The best way to prevent PFPS is to keep your knees healthy and strong by following these tips:


- Warm up before and cool down after any physical activity, especially if it involves a lot of knee bending or impact. This can help to prepare your muscles and joints for the exercise and prevent injury.

- Gradually increase the intensity, frequency, or duration of your physical activity, and avoid sudden changes that may overload your knee. Listen to your body and do not push yourself beyond your limits. If you feel any pain or discomfort, stop and rest.

- Strengthen the muscles of your buttocks and thighs, which help to support and stabilize your knee. You can do exercises such as squats, lunges, bridges, and leg presses, using your own body weight or resistance bands. However, make sure you do them correctly and do not overdo them, as this can cause more harm than good.

- Stretch the muscles of your hamstrings and calves, which can help to improve the flexibility and range of motion of your knee. You can do stretches such as standing hamstring stretch, seated hamstring stretch, standing calf stretch, and seated calf stretch. Hold each stretch for 15 to 30 seconds and repeat 2 to 3 times on each side.

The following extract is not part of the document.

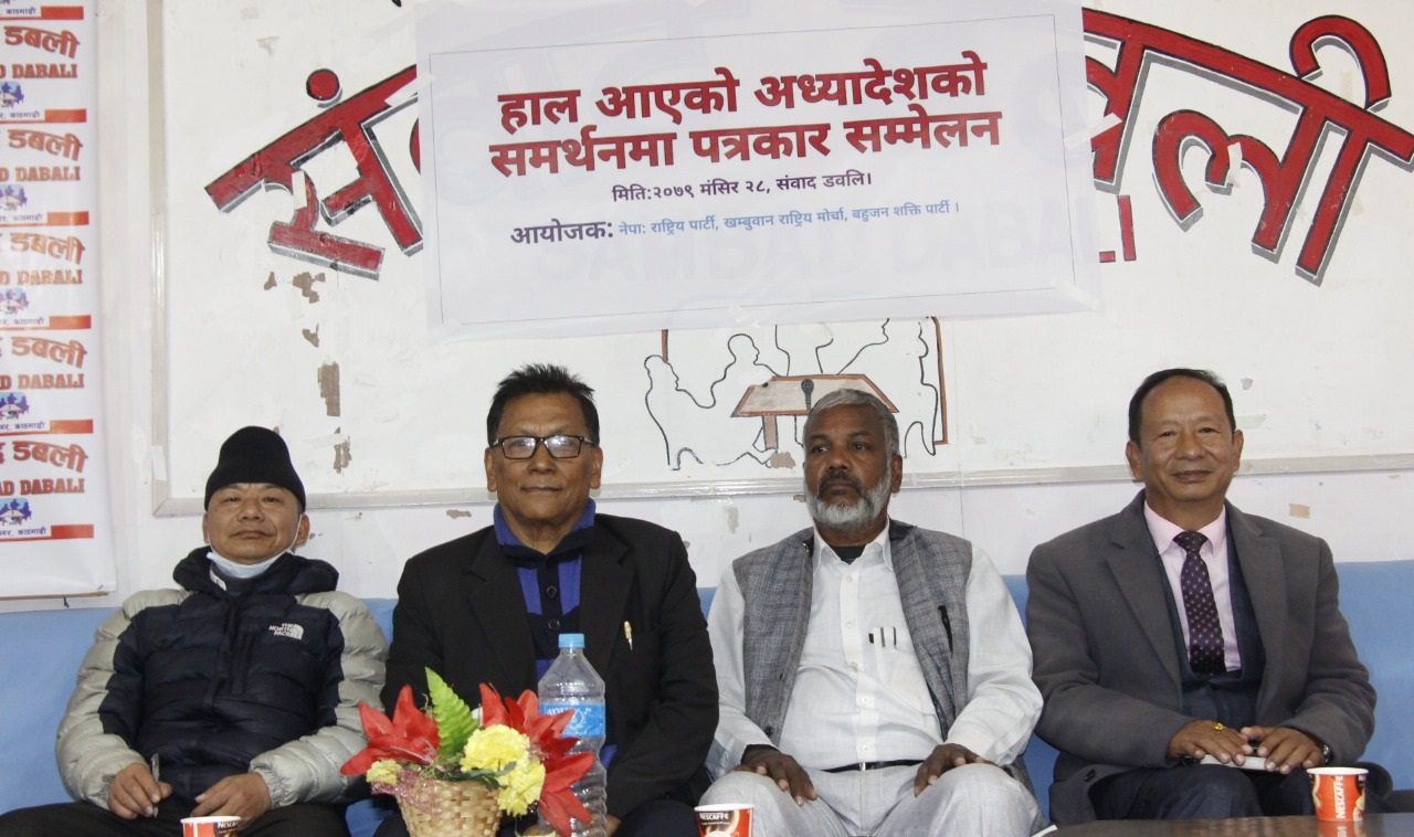बुधवार संवाद डबली पत्रकार सम्मेलनको आयोजना गरेर नेपाः राष्ट्रिय पार्टी, खम्बुवान राष्ट्रिय मोर्च र बहुजन शक्ति पार्टीले सो चेतावनी दिएको हो । कार्यक्रममा बोल्दै बहुमत शक्ति पार्टीका अध्यक्ष तथा पूर्वमन्त्री बिसेन्द्र पासवानले राजनीतिक आन्दोलनको क्रममा विभिन्न व्यक्तिमाथि लगाइएका झुटा मुद्दा खारेज गरिनुपर्ने बताए । उनले सरकारले ल्याएको अध्यादेश सकारात्मक भएको भन्दै राष्ट्रपति भण्डारीले जारी गर्नेपर्ने धारणा राखे ।

Do not bounce or force the stretch, as this can cause injury.

- Maintain a healthy weight, as excess weight can put more pressure and stress on your knee and increase the risk of PFPS. If you are overweight, try to lose some weight by following a balanced diet and a regular exercise routine. However, do not go on extreme diets or exercise programs, as these can be harmful to your health and your knee.

- Wear appropriate footwear, as this can affect the alignment and function of your knee. Choose shoes that fit well, provide good support and cushioning, and suit your activity and foot type. Avoid wearing shoes that are worn out, too tight, or too loose. You may also benefit from wearing orthotics or insoles that correct any foot problems, such as flat feet or high arches, that may contribute to PFPS.

- Avoid activities that cause or worsen your knee pain, such as running, jumping, or squatting. If you have to do these activities, try to reduce the frequency, intensity, or duration, and use proper techniques and equipment. For example, if you run, choose a soft and even surface, wear good running shoes, and vary your route and speed. If you squat, keep your knees aligned with your toes, do not go too low, and use a chair or a wall for support.


We hope this blog post has helped you to understand more about PFPS and how you can treat and prevent it. Remember, if you have any questions or concerns about your knee pain, or if it does not improve or gets worse, you should consult your doctor or physiotherapist for further advice and treatment. Do not ignore your knee pain, as it may indicate a more serious problem that needs medical attention. Take care of your knees, and they will take care of you!